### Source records
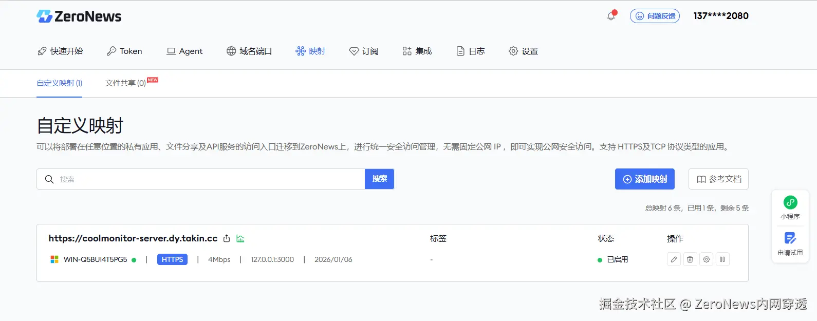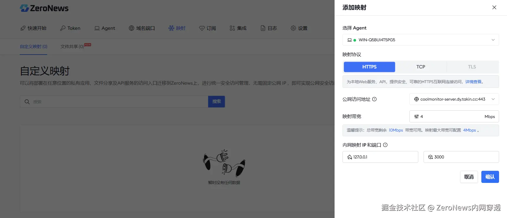 二、 创建 ZeroNews 映射服务
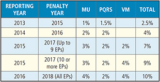 Payment is affected by not participating in PQRS or by the assigned quality tier made by CMS. For example, soloists and practices with two to nine EPs who opt not to participate in PQRS this year will automatically receive a 2% VM penalty — this is in addition to the 2% penalty they will receive for not participating in PQRS. Choosing to participate in PQRS for 2015, those same practices may receive no VM penalty or an upward adjustment of up to 2% based on the quality tier assigned by CMS. For more information, see the CMS’ website (http://tinyurl.com/OPpenalties3).
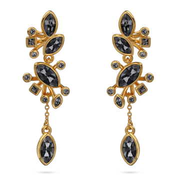 Изготовлено из ювелирного сплава на основе латуни с гальваническим покрытием золотом. Изделие украшают кристаллы SW темно-серого цвета. Размер серьги 5.5х1.5см. Застежка-гвоздики.
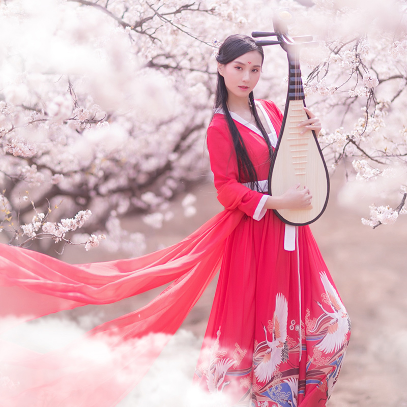 【5折】棉麻记改良汉服刺绣长裙女春款国风红色连衣裙气质裙子仙
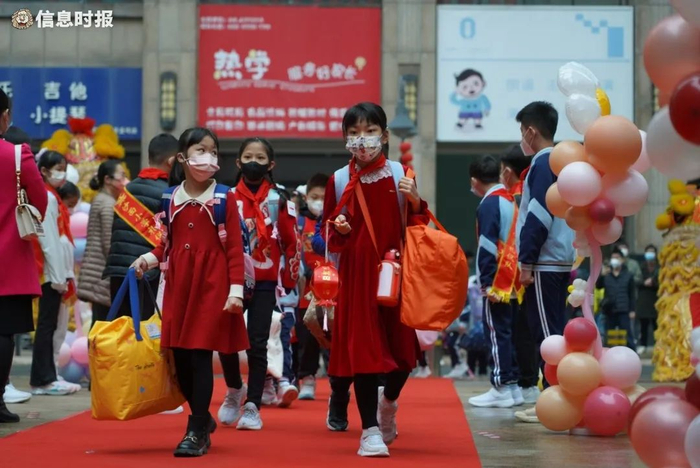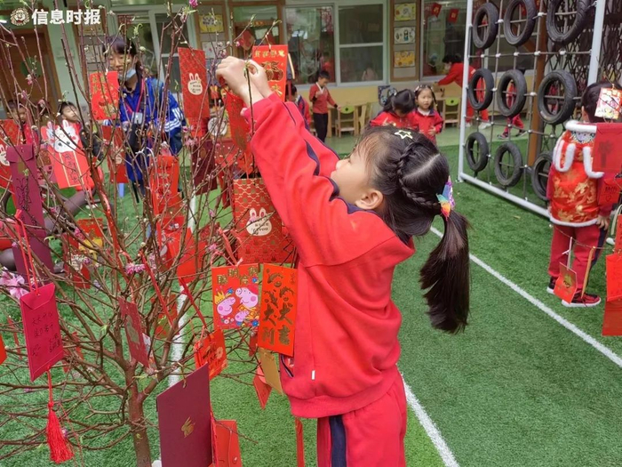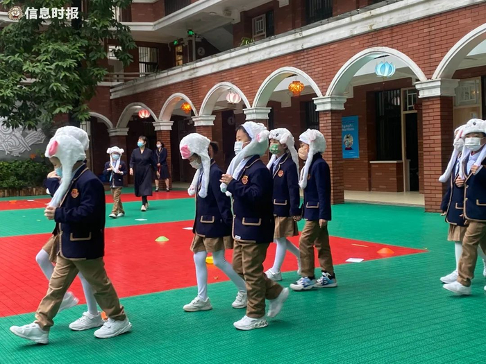 不少学校还推陈出新,以中华传统文化加上趣味活动的组合形式举办开学礼。协和幼儿园西村园区荟集舞狮、诗词、庙会、剪纸等形式的艺术、游戏节目,例如充满寓意的“摸出好彩头”和“击鼓鸣志”,还有欣赏剪纸的“大展宏‘兔’”等,类型多样,别出心裁,趣味满满。

### WORK ITEM
The answer must be the lines above from the line that contains "Изготовлено из ювелирного" to the final line of the data, word for word, with no pictures.

### SOLUTION BELOW
 Изготовлено из ювелирного сплава на основе латуни с гальваническим покрытием золотом. Изделие украшают кристаллы SW темно-серого цвета. Размер серьги 5.5х1.5см. Застежка-гвоздики.
 【5折】棉麻记改良汉服刺绣长裙女春款国风红色连衣裙气质裙子仙
 不少学校还推陈出新,以中华传统文化加上趣味活动的组合形式举办开学礼。协和幼儿园西村园区荟集舞狮、诗词、庙会、剪纸等形式的艺术、游戏节目,例如充满寓意的“摸出好彩头”和“击鼓鸣志”,还有欣赏剪纸的“大展宏‘兔’”等,类型多样,别出心裁,趣味满满。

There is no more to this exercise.